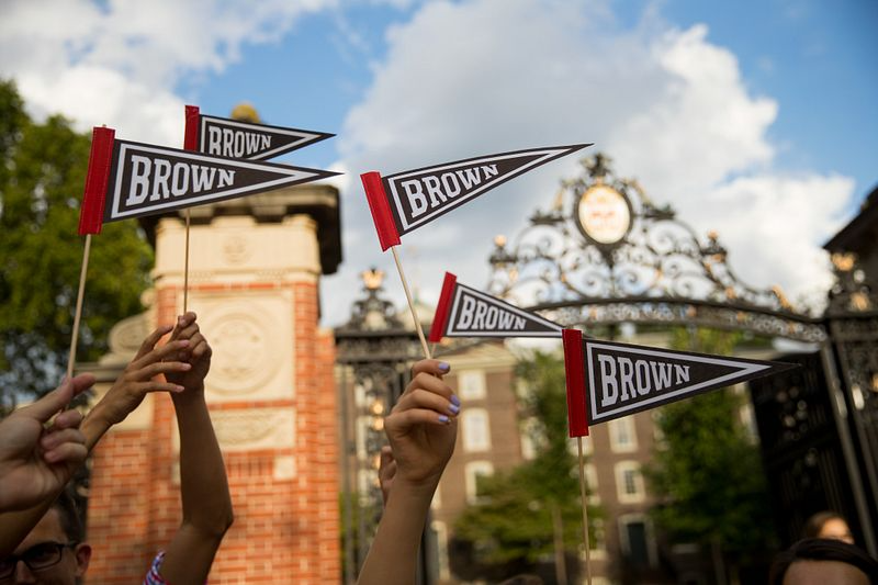 The alt text will depend on the context and intention of the image. For the image below, the alt text could be "Hands of students fly small Brown University pennants in front of the Van Wickle Gates during Commencement."
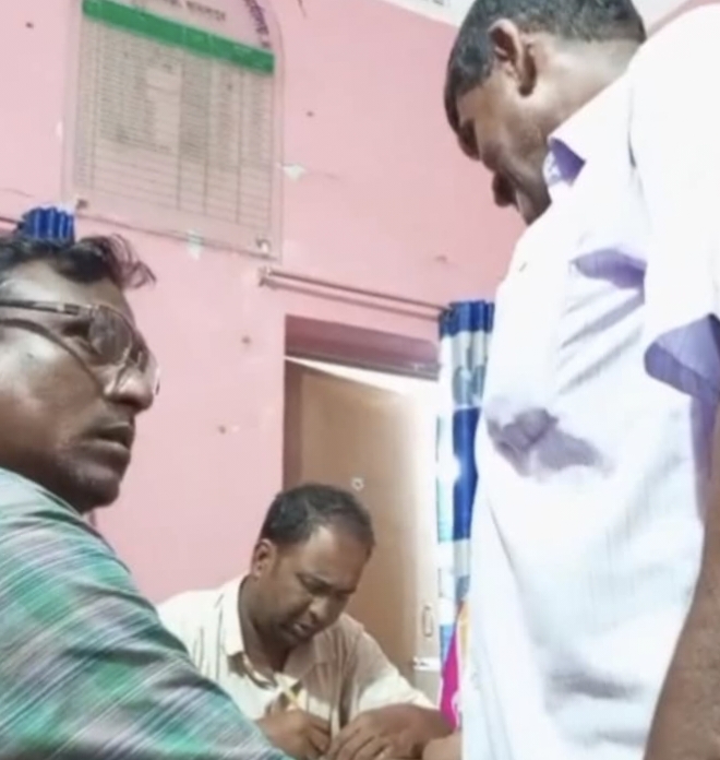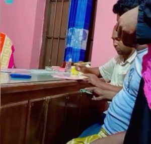 তার পাশে বসা ইউপি সদস্য মোবারক হোসেন ও ইউনিয়ন শ্রমিক দলের সাংগঠনিক সম্পাদক সুজন সুবিধাবীদের কাছ থেকে ২০০ টাকাসহ কার্ড নিয়ে স্বাক্ষর করছেন।
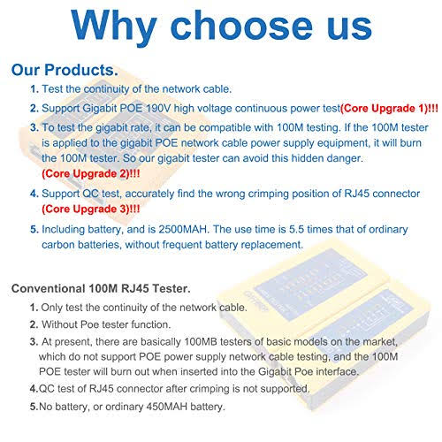 Network Cable Tester,RJ45 Tester Ethernet Tester PoE Tester Cat8 Cat7 Cat6 Continuity Tester Cable Tester Network Tester Ethernet Cable Teste [QC
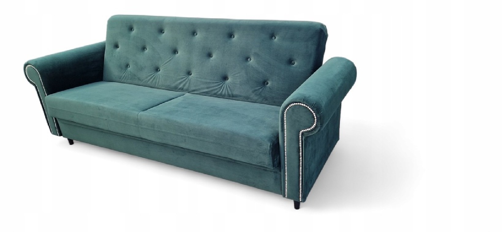 KANAPA PIKOWANA CLIO Z FUNKCJĄ SPANIA I POJEMNIKIEM NA POŚCIEL W KOLORZE BUTELKOWEJ ZIELENI Z DREWNIANYMI NÓŻKAMI WZÓR PIKOWANIA OPARCIA KARO GUZIKI
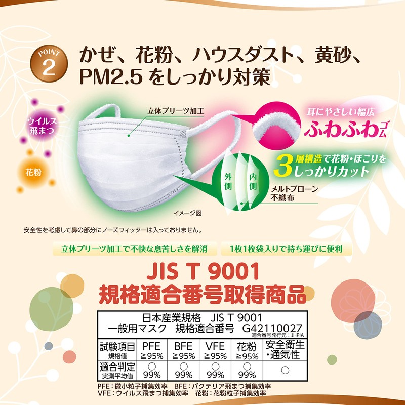 - Japanese Industrial Standards JIS T 9001 General Mask, Standard Conformity No. G42110027, Conformity Number: JHPIA
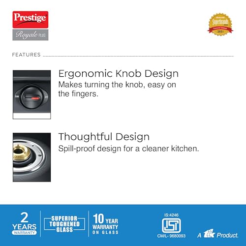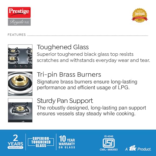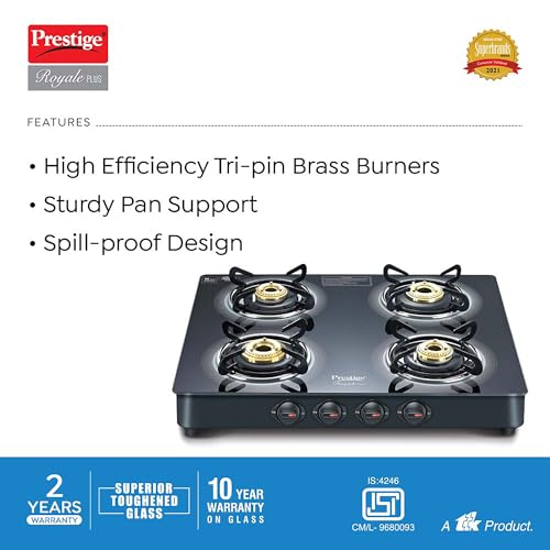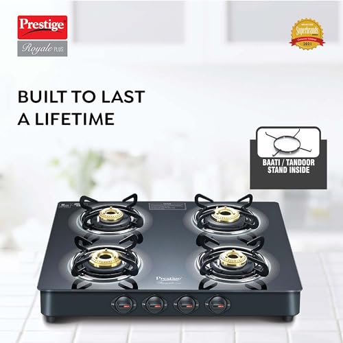 2 reviews for Prestige Royale Plus GT 04 Toughened Black Glass Top Gas Stove(Manual, 4 Brass Burners, Black, Baati/Tandoor Stand Inside)
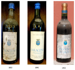 この写真は1922年のボトルです。1935年には醸造所を整備し、本格的に自社のワインをボトル詰めして販売することを始めました。これは当時としてはとても珍しく、コンティゼッカはプーリアで最も早く品質を追求するワイナリーとしての一歩を踏み出したのです。1955年には「ドンナマルツァ」ブランドでボトリングを始めています(左から1922、1945、1953年の自社詰めワイン)。
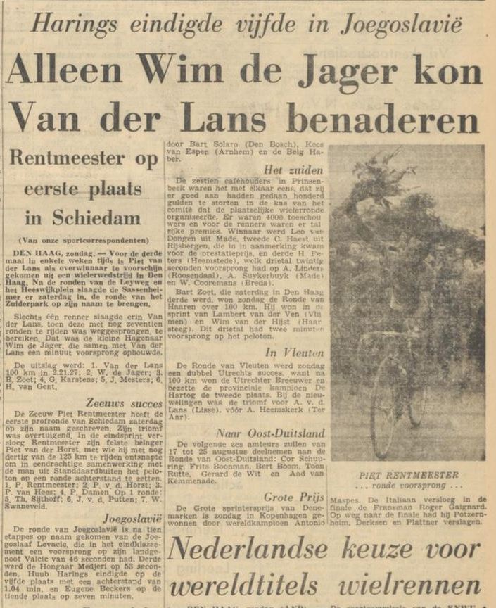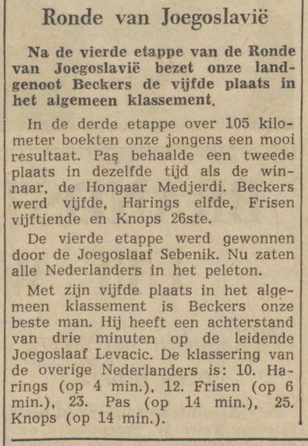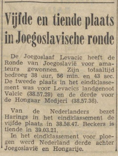 In de bijzonder zware, ook door de hitte, Ronde van Joegoslavië, kwam Nederlandse equipe (jaarlijkse selectie van TWC Maastricht) uitstekend voor de dag. Best werk werd ginder verricht, de uitslagen mochten er zeer zeker wezen en, ook een belangrijke factor, de ploeggeest was prima, zodat het kleine gezelschap welgemoed de terugreis kon aanvaarden.
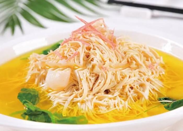 这款美食对于刀工的要求极其苛刻,豆腐切丝这道工艺相信大家应该在很多电视上看过,而这道美食就需要这样的工艺作为基础。
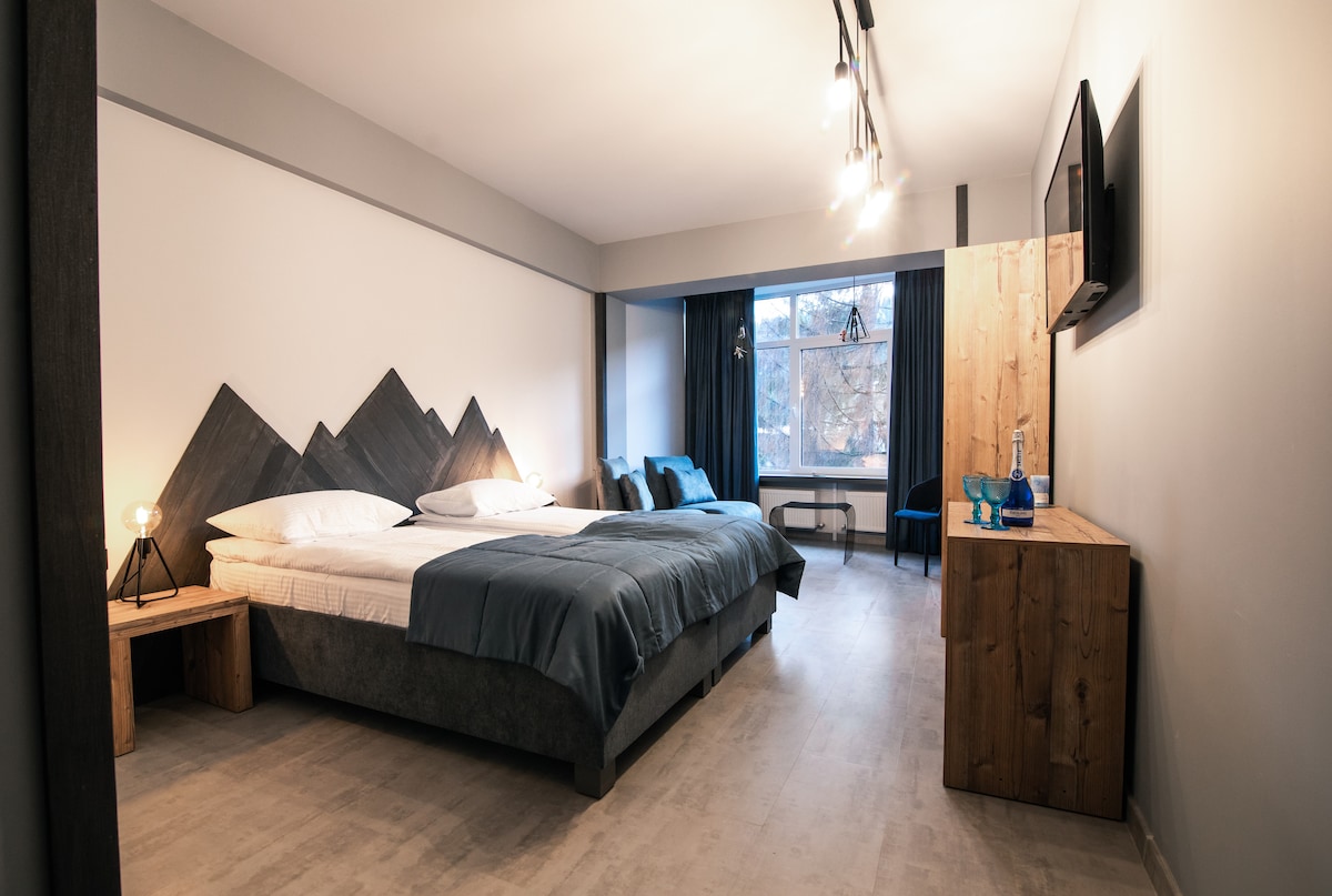 4 star modern hotel with a rating of 9.9. Modern rooms are equipped with double beds, a flat-screen TV and everything you need for a comfortable stay. The rooms have a bathroom with a shower cabin, toilet, hairdryer and toiletries. There is a parking lot, a ski storage room, a restaurant and a spa complex on the premises. The presence of 2 heated swimming pools, that is, in any weather you can relax coolly. Breakfasts are included in the room rate.

Instructions for the task
Reproduce exactly, and only, the lines from the one containing "KANAPA PIKOWANA CLIO" through the last line of the records above, both included, leaving out any pictures.

Result
 KANAPA PIKOWANA CLIO Z FUNKCJĄ SPANIA I POJEMNIKIEM NA POŚCIEL W KOLORZE BUTELKOWEJ ZIELENI Z DREWNIANYMI NÓŻKAMI WZÓR PIKOWANIA OPARCIA KARO GUZIKI
 - Japanese Industrial Standards JIS T 9001 General Mask, Standard Conformity No. G42110027, Conformity Number: JHPIA
 2 reviews for Prestige Royale Plus GT 04 Toughened Black Glass Top Gas Stove(Manual, 4 Brass Burners, Black, Baati/Tandoor Stand Inside)
 この写真は1922年のボトルです。1935年には醸造所を整備し、本格的に自社のワインをボトル詰めして販売することを始めました。これは当時としてはとても珍しく、コンティゼッカはプーリアで最も早く品質を追求するワイナリーとしての一歩を踏み出したのです。1955年には「ドンナマルツァ」ブランドでボトリングを始めています(左から1922、1945、1953年の自社詰めワイン)。
 In de bijzonder zware, ook door de hitte, Ronde van Joegoslavië, kwam Nederlandse equipe (jaarlijkse selectie van TWC Maastricht) uitstekend voor de dag. Best werk werd ginder verricht, de uitslagen mochten er zeer zeker wezen en, ook een belangrijke factor, de ploeggeest was prima, zodat het kleine gezelschap welgemoed de terugreis kon aanvaarden.
 这款美食对于刀工的要求极其苛刻,豆腐切丝这道工艺相信大家应该在很多电视上看过,而这道美食就需要这样的工艺作为基础。
 4 star modern hotel with a rating of 9.9. Modern rooms are equipped with double beds, a flat-screen TV and everything you need for a comfortable stay. The rooms have a bathroom with a shower cabin, toilet, hairdryer and toiletries. There is a parking lot, a ski storage room, a restaurant and a spa complex on the premises. The presence of 2 heated swimming pools, that is, in any weather you can relax coolly. Breakfasts are included in the room rate.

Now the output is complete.